Print Zero Even Odd
Last Updated: February 2, 2026
The Print Zero Even Odd problem takes the simple alternation pattern we saw in FooBar and adds a twist: three threads instead of two, with one thread acting as an interleaver.
What makes this problem interesting is the asymmetry. In FooBar, both threads had the same behavior, just alternating. Here, one thread (zero) runs twice as often as the others, and the odd and even threads must alternate between themselves while both depending on zero.
This mirrors real-world patterns like multiplexing, where one coordinator thread services multiple worker threads in a specific order.
Problem Statement
Three threads are given: zero(), even(), and odd(). Design a mechanism so they cooperate to print the sequence "0102030405...0n" for a given n.
The Setup
Here's what each thread does.
- Thread 1 (zero): Calls
zero()in a loop. Each call should print "0". - Thread 2 (even): Calls
even()in a loop. Each call should print an even number (2, 4, 6, ...). - Thread 3 (odd): Calls
odd()in a loop. Each call should print an odd number (1, 3, 5, ...). - Output: For n=5, the output must be exactly "0102030405".

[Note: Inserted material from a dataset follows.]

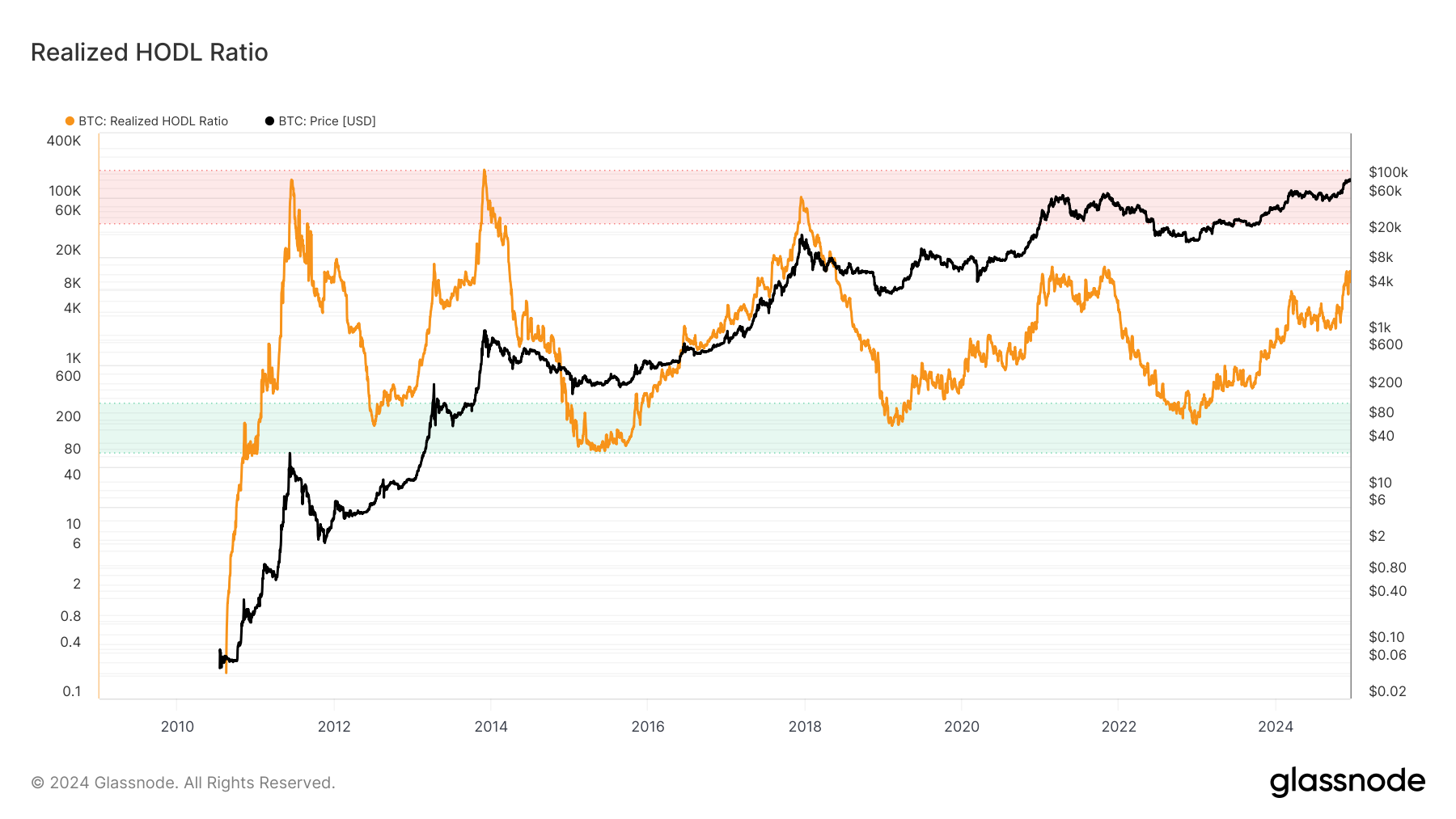 Un alto rapporto RHODL suggerisce che il mercato è surriscaldato con un’attività significativa a breve termine, spesso utilizzato per segnalare i picchi di ciclo o le correzioni imminenti. Un basso rapporto RHODL, d’altra parte, indica un forte sentimento di detenzione a lungo termine, implicando una sottovalutazione.

Notice the asymmetry: the zero thread runs n times, but odd and even together also run n times, alternating. For n=5, zero prints 5 times, odd prints 3 times (1, 3, 5), and even prints 2 times (2, 4). This uneven distribution adds complexity to loop bounds and termination.
The Rules
With the roles clear, here are the ordering constraints that define correctness.
- "0" is printed before every non-zero number.
- Odd numbers (1, 3, 5, ...) and even numbers (2, 4, 6, ...) alternate.
- The sequence is: 0, 1, 0, 2, 0, 3, 0, 4, 0, 5, ... up to n.
- Thread zero runs n times, thread odd runs ceil(n/2) times, thread even runs floor(n/2) times.
The pattern becomes clear when you trace through it: zero always goes, then odd or even takes a turn, then back to zero. The tricky part is that zero must know whether to wake odd or even after each print.
The Goal
Design a synchronization mechanism that:
- Correct ordering: Output is exactly "0102030405...0n".
- No deadlock: All threads complete their iterations.
- Efficient: Threads don't busy-wait or waste CPU cycles.
The diagram shows the three-way coordination. Zero prints, then signals either odd or even depending on which number comes next. After odd or even prints, they signal back to zero. The pattern continues until all numbers are printed.
The Zero-Even-Odd problem teaches multi-party synchronization where threads have different roles and frequencies. This pattern appears throughout systems programming:
- I/O multiplexing: A single selector thread dispatches to multiple handler threads based on the event type.
- Producer-consumer with routing: One producer, multiple consumers, where the producer decides which consumer gets each item.
- Round-robin schedulers: A coordinator cycles through workers in a specific order.
- Protocol state machines: Different handlers for different message types, with a central dispatcher.
Real-World Analogies
| Problem Element | Real-World Equivalent |
|---|---|
| Thread zero | Traffic light controller |
| Thread odd/even | Vehicles from two directions |
| Alternation pattern | Green light alternates between directions |
| Zero before each number | Every vehicle waits for green before crossing |
Synchronization Challenges
Before jumping into solutions, let's understand what makes this problem tricky. The challenges here are more subtle than in FooBar.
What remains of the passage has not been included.